Et c’est tant mieux! Est-il vraiment utile de s’appesantir sur les malheurs qui nous frappent en ce début de nouveau millénaire? Évidemment la réponse est non, se plaindre ne résoudra pas les problèmes. Et c’est avec son ton alerte et sa plume pétillante que Jean-Louis Servan-Schreiber nous propose une analyse un peu décalée de la société.
Ainsi, Facebook, est-ce vraiment le mal incarné? Pas forcément si c’est une alternative à une morne soirée solitaire devant son poste de télévision. La violence envahit le monde? Au contraire, les taux de criminalités connaissent des baisses sans précédent dans les pays développés. Les liens entre individus se distendent, même au sein des familles? Et si, grâce aux nouvelles technologies, l’augmentation du nombre d’amis venait compenser ces « liens faibles »?
Et cette jolie leçon de positivisme, c’est un homme de 75 ans ayant connu la guerre puis la belle période des Trente Glorieuses qui la distille. Non, ce n’était pas mieux avant : c’était différent. Et de rappeler la formidable capacité d’adaptation des êtres humains : nous avons toujours surmonté les pires périodes, va-t-on se laisser démonter alors que nous avons, plus qu’auparavant, les clés en main pour inventer nos vies et l’avenir de nos enfants? Libre à nous de saisir la chance que nous offre cette nouvelle Renaissance.
139 pages d’optimisme et de pistes de réflexions qui tranchent avec la morosité ambiante : Aimer (quand même) le XXIè siècle est un livre qui fait du bien.
JE VOUS LE CONSEILLE SI…
… pour vous, Internet est le Diable, Facebook son bras droit, la télévision la pire invention pour l’humanité. C’est à peu près ce que je pensais avant de lire ce petit essai.
… vous vous demandez quel avenir s’offre aux jeunes du XXIè siècle… les pauvres. Disons que la problématique de cette jeunesse n’est pas de panser les blessures de la guerre, de reconstruire un pays et de vivre avec des tickets de rationnement. Pas si mal, non?

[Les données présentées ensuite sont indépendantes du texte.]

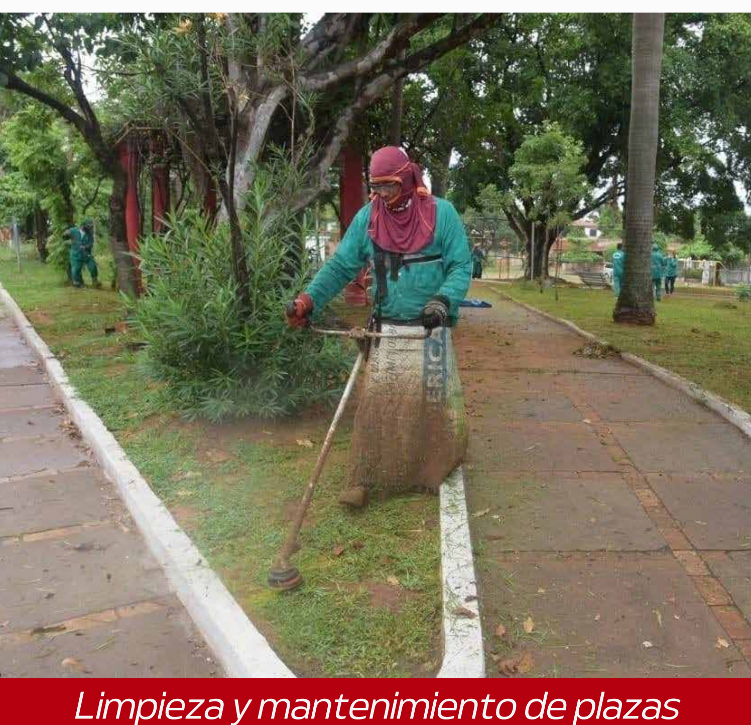
Limpieza y mantenimiento de plazas

Héroes del Chaco, Plaza Bolivia, Plaza de Las Residentas, Plaza Jardín de la Bahía, Paseo Central 17º Proyectada, Plaza Primer Presidente, Plaza Isabel la Católica, Plaza De las Américas, Plaza Infante Rivarola, Plaza Manuel Ortiz Guerrero, Plaza Santa Teresa, Parque Municipal Sergio Denis Insfrán, Paseo Diagonal Cabañas 9º Proyectada, Plazoleta Sargento Gauto, Plaza Lemos Maldonado, Plaza Defensores del Chaco, Plaza De los Comuneros, Plaza Independencia, Plaza IPVU, Plaza Loma Pytã, Plaza Mbocayaty, Plaza Emiliano R. Fernández, Plaza Ycua Ybumi, Plaza Villa Esperanza, Plaza La Golondrina, Plaza Vecinos Unidos, Plaza San José Obrero, Plaza Arsenio Erico, Plaza Vy'a Renda, Plaza Agustín Pío Barrios, Plaza Agricultor Paraguayo, Plaza Darío Gómez Serrato, Plaza República del Perú, Plaza Oñondivepá, Plaza Las Colinas, Plaza El Portal.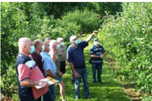
Explication du moniteur

Dans nos vergers, grâce à cette belle arrière saison ensoleillée, nos pommes se sont bien développées et ont pris une belle coloration.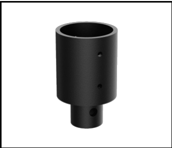
SKVER externer Adapter fi60 (804588)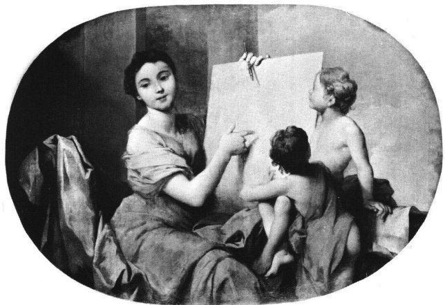
Abb. 9b «Le Dessin». Ölgemälde von Sébastien II Le Clerc, um 1724/25. Paris, Rue d'Antin 3.

Ebenfalls aus den mittleren 1720er Jahren stammt eine weitere vierteilige Gemäldegruppe mit Motiven von Le Clercs Allegorien. Die hochovalen Supraporten von «La Géographie», «La Poésie», «La Peinture» und «Les Mathématiques» befanden sich im Régence-Getäfer des Petit-cabinet im Hôtel Cressart an der Place Vendôme 18 in Paris. In den 1930er Jahren gelangten die Bilder zusammen mit weiteren Ausstattungsstücken dieses Hôtels in den Kunsthandel. Der heutige Standort der vier Allegorienbilder ist nicht bekannt. Aufgrund des zur Verfügung stehenden Bildmaterials kann nicht gesagt werden, ob es sich dabei um eigenhändige Werke von Le Clerc handelt. Jedenfalls zeugt diese Bildergruppe für die Verbreitung von Le Clercs Allegorien der Künste und Wissenschaften. 19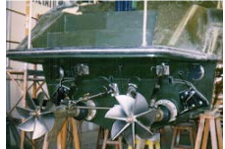
Transmissions ARNESON ASD-10 Hélices Rolla 6 pales

Vitesse de 45 Noeuds à seulement 1.700 tours mn.(Cf Fiche de test en mer)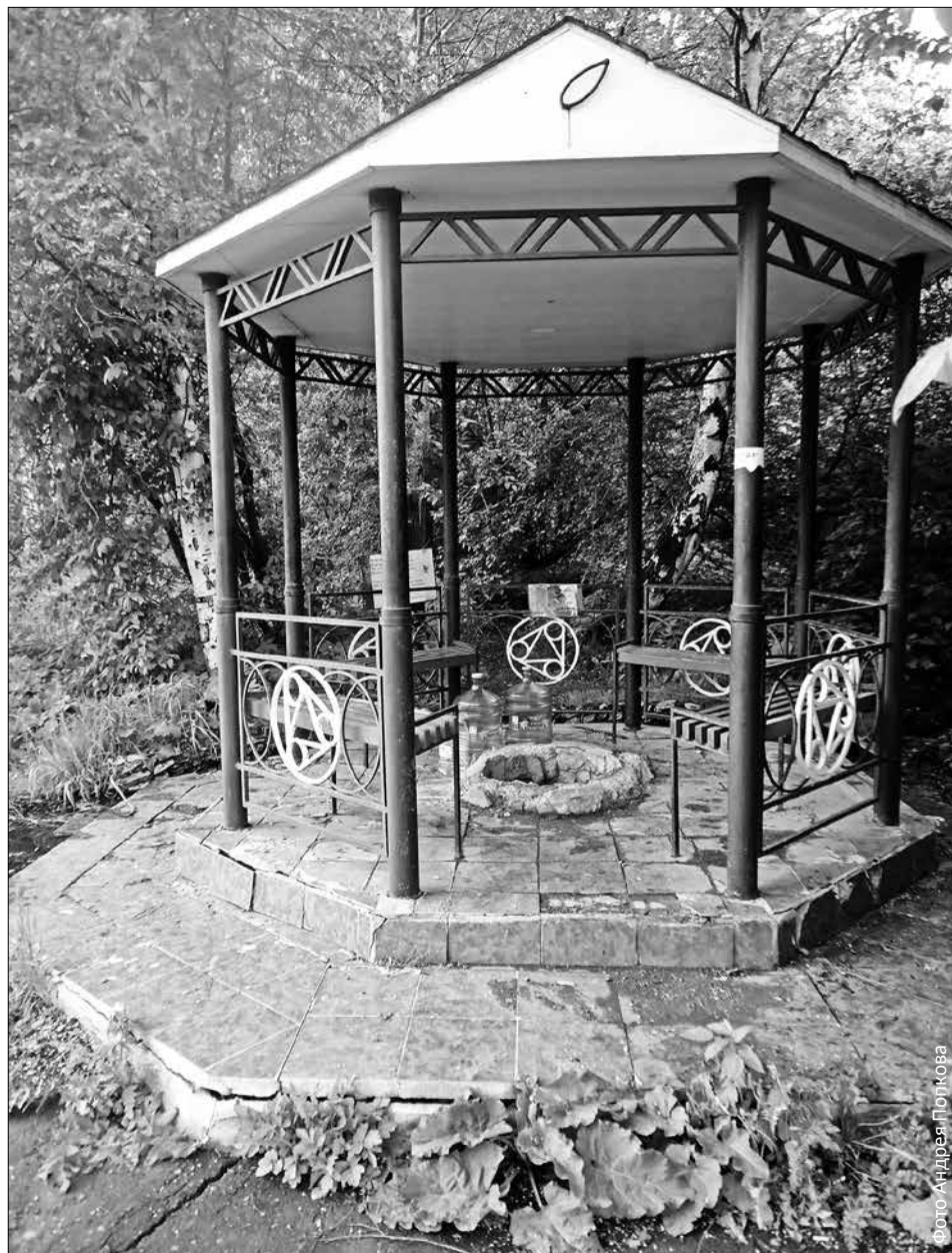
Родник «Даниловский» у старого обелиска «Европа-Азия» наиболее благоустроен

— У воды из источников есть как свои плюсы, так и минусы, — говорит Алек-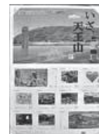
▲手紙に貼るもよし、コレクションにするもよし

宝積寺やアサヒビール大山崎山荘美術館などがあしらわれ、町の魅力がぎゅっと詰まった10枚セット。本町と連携をすすめている龍谷大学の学生が考案した「ハートのかたち大山崎」のデザインも人気です。この切手は、乙訓地域の郵便局で販売しています。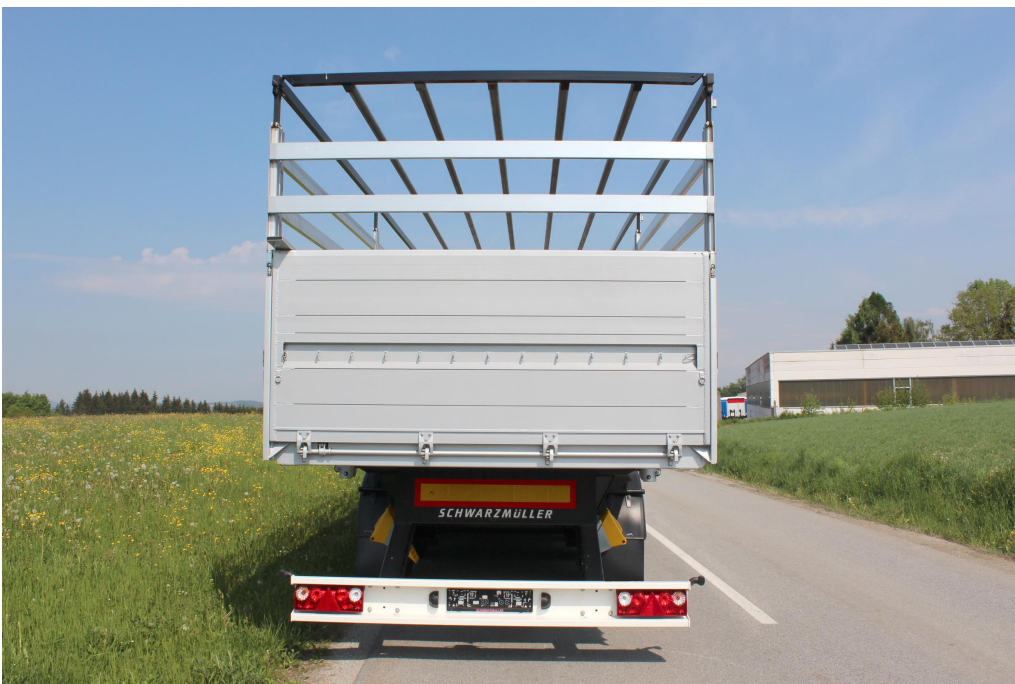
Zadní stěna z dutých hliníkových profilů, sklopná s prodlouženými uzávěry, rovněž výkyvná s dodatečným manuálním centrálním ovládáním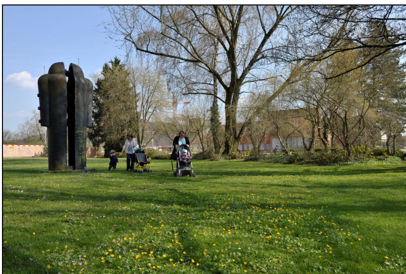
Blick in südöstlicher Richtung. Skulptur "Der zerrissene Mensch" von Michael Keller und Hans-Karl Angele. Im Hintergrund das TMZ-Schulhaus.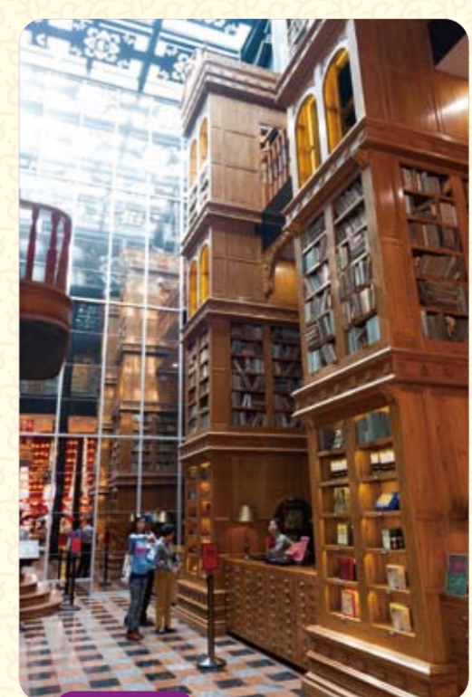
宮原眼科

台中市内では、現在MRTとバストランジットシステム(BRT)と呼ばれるバス高速輸送システムの整備が進められている。このほか水湳地区では2017年の完成を目指す台湾タワーの建設も計画されている。未来に向けて進化し続ける台中は、訪れる人を魅了すること間違いなし。是非訪れてもらいたい。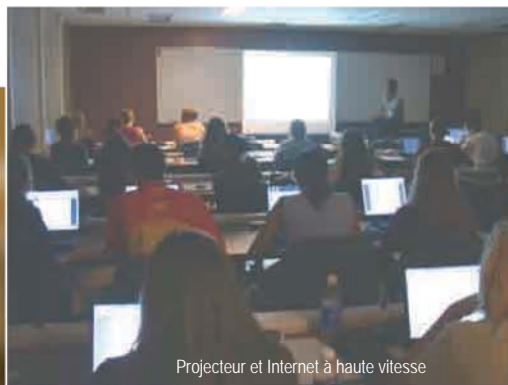
Projecteur et Internet à haute vitesse

Technologie de l'architecture, Génie civil, Informatique et Techniques de bureautique, microédition et hypermédia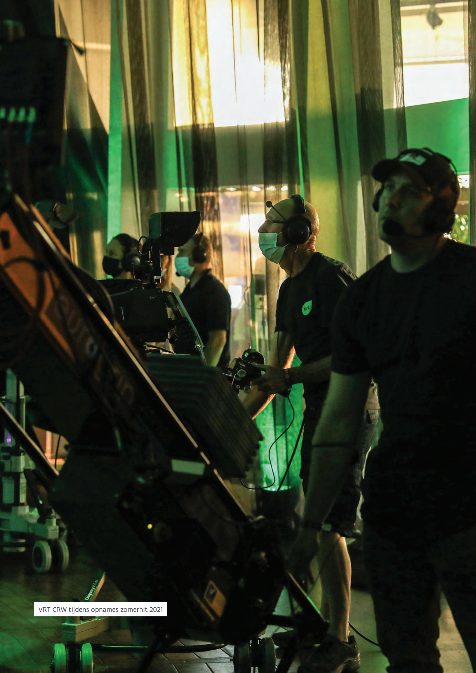
VRT CRW tijdens opnames zomerhit 2021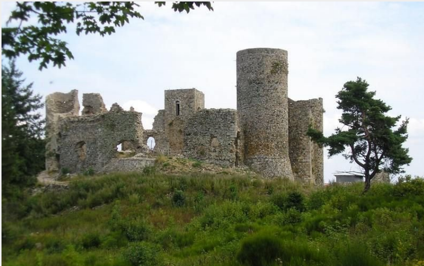
Aire de pique-nique château dit des Cornes d'Urfé Champoly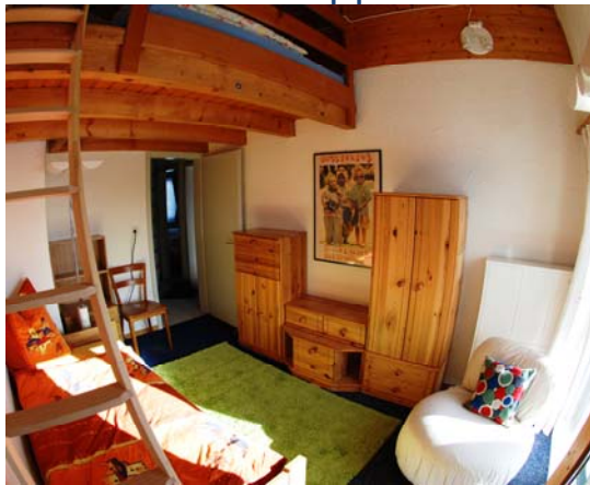
Galerie Zimmer mit Einzelbett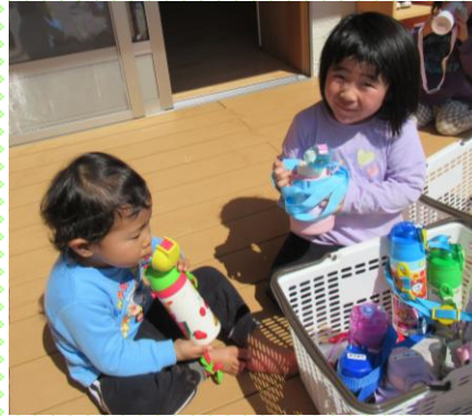
「広い園庭でたくさん走りました。自分の 水筒のお水を飲んで、もっと元気になりま した！！」もも組（3歳児）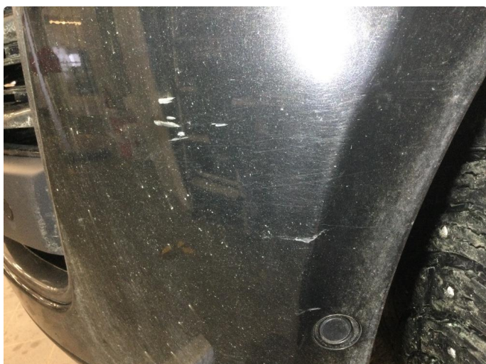
1.2 Ripe(r) ned til grunning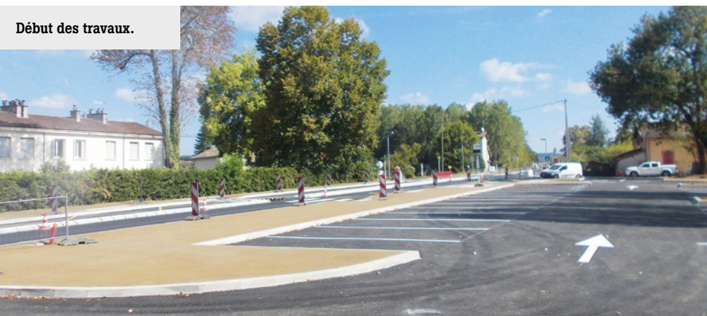
Début des travaux.

La municipalité de Lisle-sur-Tarn tient à féliciter et remercier le Maître d'œuvre, cabinet GETUDE et la société COLAS pour la qualité du travail réalisé dans un calendrier très restreint, ainsi que la Région et le Département qui ont soutenu techniquement et financièrement ce projet.

DEUX PETITS EXTRAITS POUR VOUS DONNER ENVIE:
Le lourd héritage de mai 68…
[...] une autre grande braderie de repères avait suivi les émotions libertaires de Mai 68 et de ses équivalents ailleurs dans le monde. Le rejet de l’autorité-carcan, la soif de réalisation de soi ont alors fait considérer toute discipline comme une entrave, toute règle comme une férule. Une libération sans doute salutaire, mais aussi une mise en doute des principes de base du vivre ensemble. [...] « Mai 68 a créé une prime à la critique gratuite, à la radicalité dérisoire, qui veut que l’on s’indigne en bloc, mais que l’on ne réponde à aucune question, que l’on ne traite aucun problème et que, au final, on se lave les mains de tout. Une prime à l’individualisme extrême. »
En réponse à celles et ceux qui affirment « ne pas avoir le temps de… (lire, cuisiner, méditer) »:
Nous disposons en fait de plus de temps que nous n’en avons conscience. C’est nous qui choisissons de le consacrer, par exemple, à regarder un écran. Rien de répréhensible à ça, mais ne finissons-nous pas par oublier qu’en fait nous pourrions préférer lire, nous promener ou méditer? Au XXIè siècle, nous avons plus de marge dans nos horaires que nous ne nous l’avouons. [...] Dans ce domaine, comme dans tant d’autres, cette époque nous offre plus de libertés que nous n’en avons conscience. A nous de choisir d’en profiter avec discernement.